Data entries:

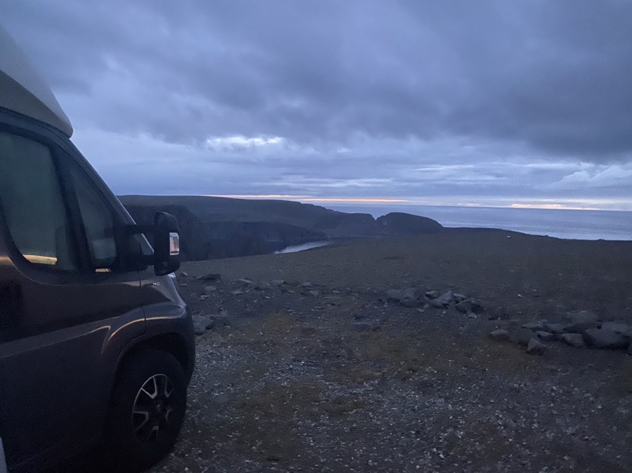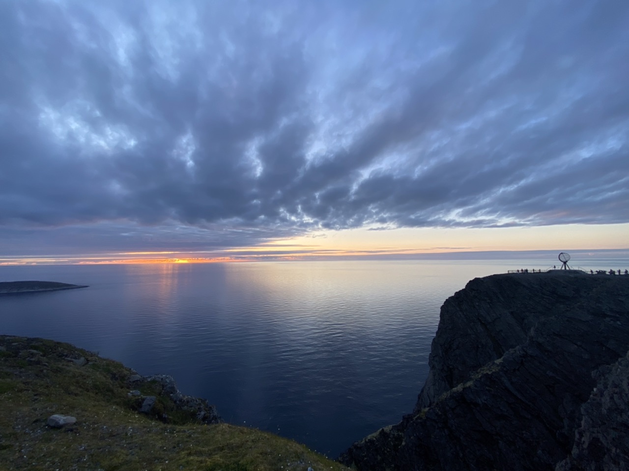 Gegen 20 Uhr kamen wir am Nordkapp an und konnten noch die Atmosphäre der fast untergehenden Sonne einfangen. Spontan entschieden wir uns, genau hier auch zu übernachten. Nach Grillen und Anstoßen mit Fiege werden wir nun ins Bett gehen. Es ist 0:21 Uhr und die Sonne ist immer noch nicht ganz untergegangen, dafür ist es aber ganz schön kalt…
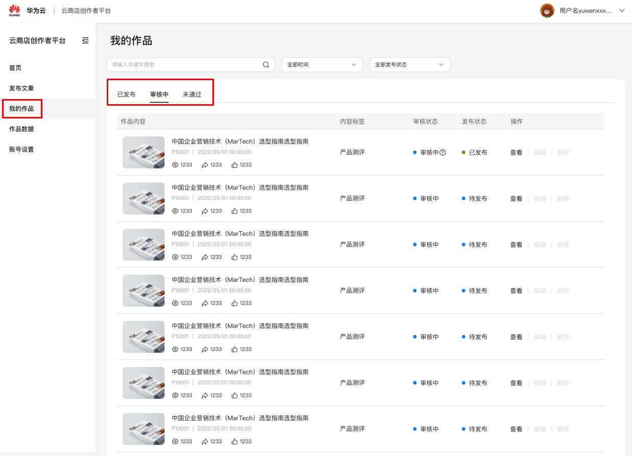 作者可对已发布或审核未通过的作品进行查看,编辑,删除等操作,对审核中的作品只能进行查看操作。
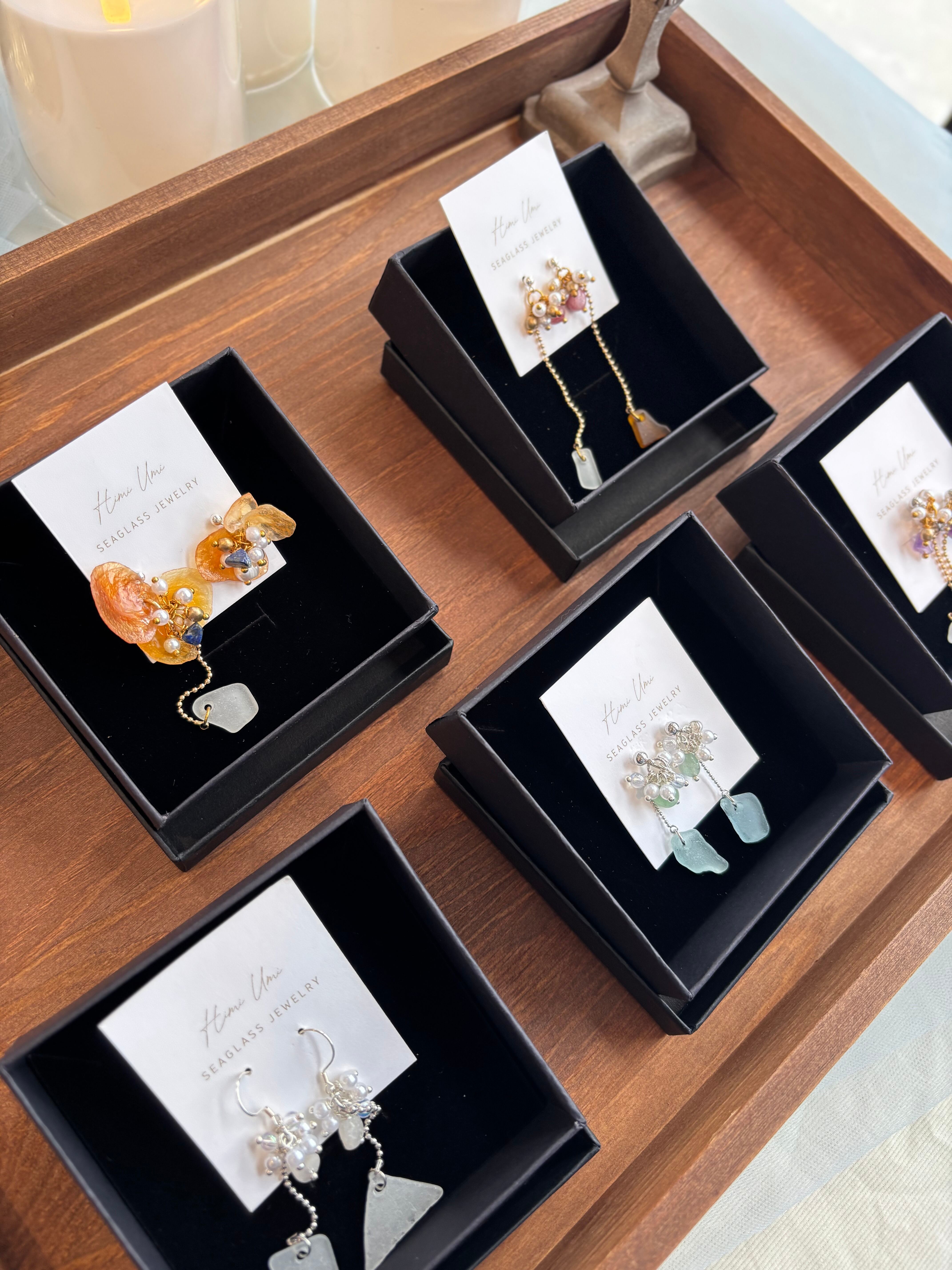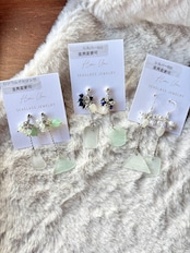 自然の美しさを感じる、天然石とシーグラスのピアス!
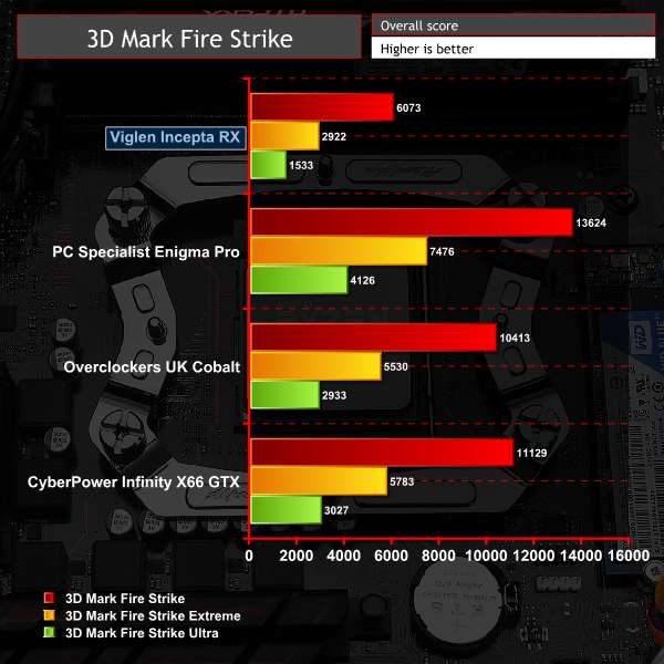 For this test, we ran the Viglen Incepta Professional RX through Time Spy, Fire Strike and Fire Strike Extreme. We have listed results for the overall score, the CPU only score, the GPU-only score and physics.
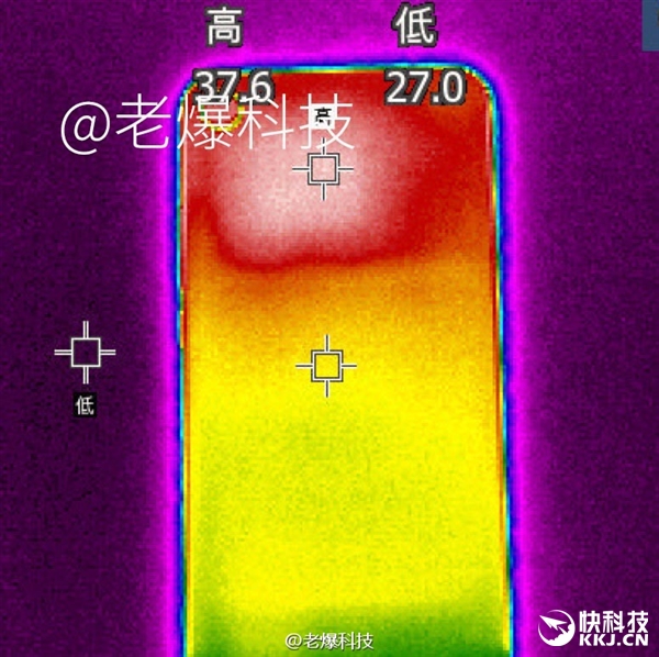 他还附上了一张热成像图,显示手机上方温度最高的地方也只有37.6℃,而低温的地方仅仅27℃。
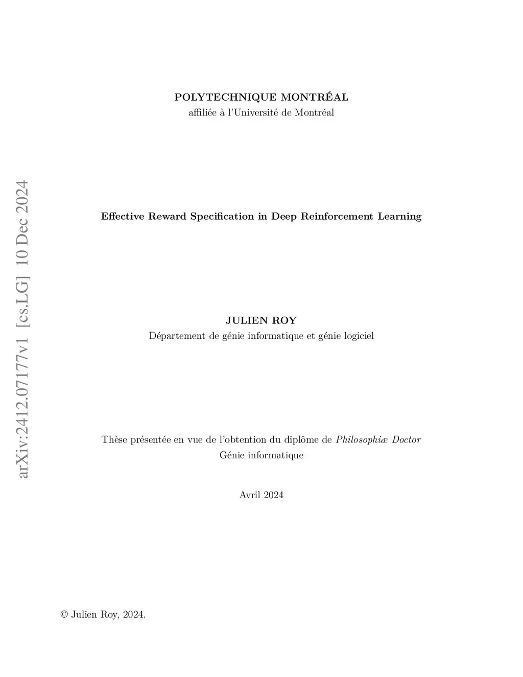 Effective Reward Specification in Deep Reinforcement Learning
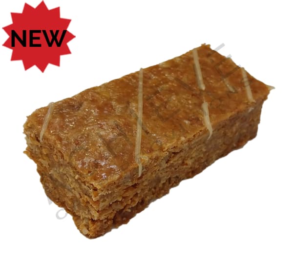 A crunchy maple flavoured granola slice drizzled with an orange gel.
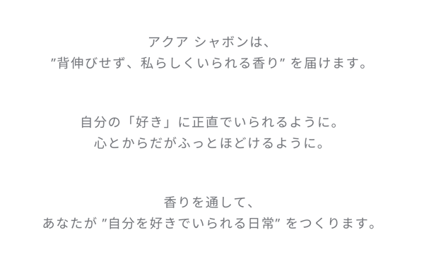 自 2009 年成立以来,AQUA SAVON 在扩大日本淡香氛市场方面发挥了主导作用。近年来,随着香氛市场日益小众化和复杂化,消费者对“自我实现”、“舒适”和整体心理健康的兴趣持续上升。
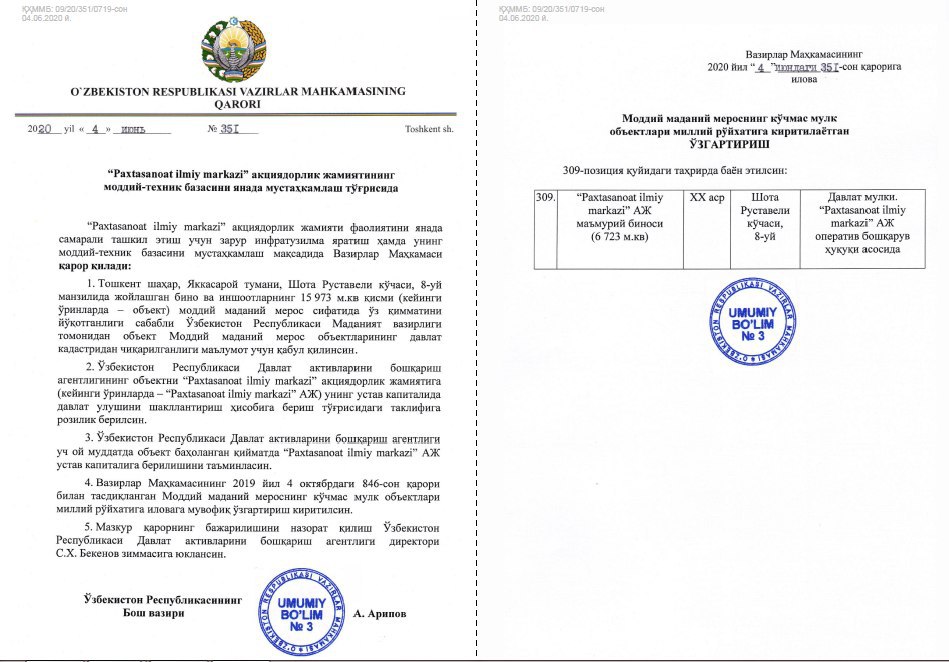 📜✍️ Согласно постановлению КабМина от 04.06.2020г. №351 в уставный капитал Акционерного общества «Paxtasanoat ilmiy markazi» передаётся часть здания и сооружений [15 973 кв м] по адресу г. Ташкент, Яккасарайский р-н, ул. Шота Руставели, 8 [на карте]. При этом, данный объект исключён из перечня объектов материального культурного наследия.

▶ **Task instructions**
Without the pictures, give all the records above again exactly.

▶ **Written solution**
 Gegen 20 Uhr kamen wir am Nordkapp an und konnten noch die Atmosphäre der fast untergehenden Sonne einfangen. Spontan entschieden wir uns, genau hier auch zu übernachten. Nach Grillen und Anstoßen mit Fiege werden wir nun ins Bett gehen. Es ist 0:21 Uhr und die Sonne ist immer noch nicht ganz untergegangen, dafür ist es aber ganz schön kalt…
 作者可对已发布或审核未通过的作品进行查看,编辑,删除等操作,对审核中的作品只能进行查看操作。
 自然の美しさを感じる、天然石とシーグラスのピアス!
 For this test, we ran the Viglen Incepta Professional RX through Time Spy, Fire Strike and Fire Strike Extreme. We have listed results for the overall score, the CPU only score, the GPU-only score and physics.
 他还附上了一张热成像图,显示手机上方温度最高的地方也只有37.6℃,而低温的地方仅仅27℃。
 Effective Reward Specification in Deep Reinforcement Learning
 A crunchy maple flavoured granola slice drizzled with an orange gel.
 自 2009 年成立以来,AQUA SAVON 在扩大日本淡香氛市场方面发挥了主导作用。近年来,随着香氛市场日益小众化和复杂化,消费者对“自我实现”、“舒适”和整体心理健康的兴趣持续上升。
 📜✍️ Согласно постановлению КабМина от 04.06.2020г. №351 в уставный капитал Акционерного общества «Paxtasanoat ilmiy markazi» передаётся часть здания и сооружений [15 973 кв м] по адресу г. Ташкент, Яккасарайский р-н, ул. Шота Руставели, 8 [на карте]. При этом, данный объект исключён из перечня объектов материального культурного наследия.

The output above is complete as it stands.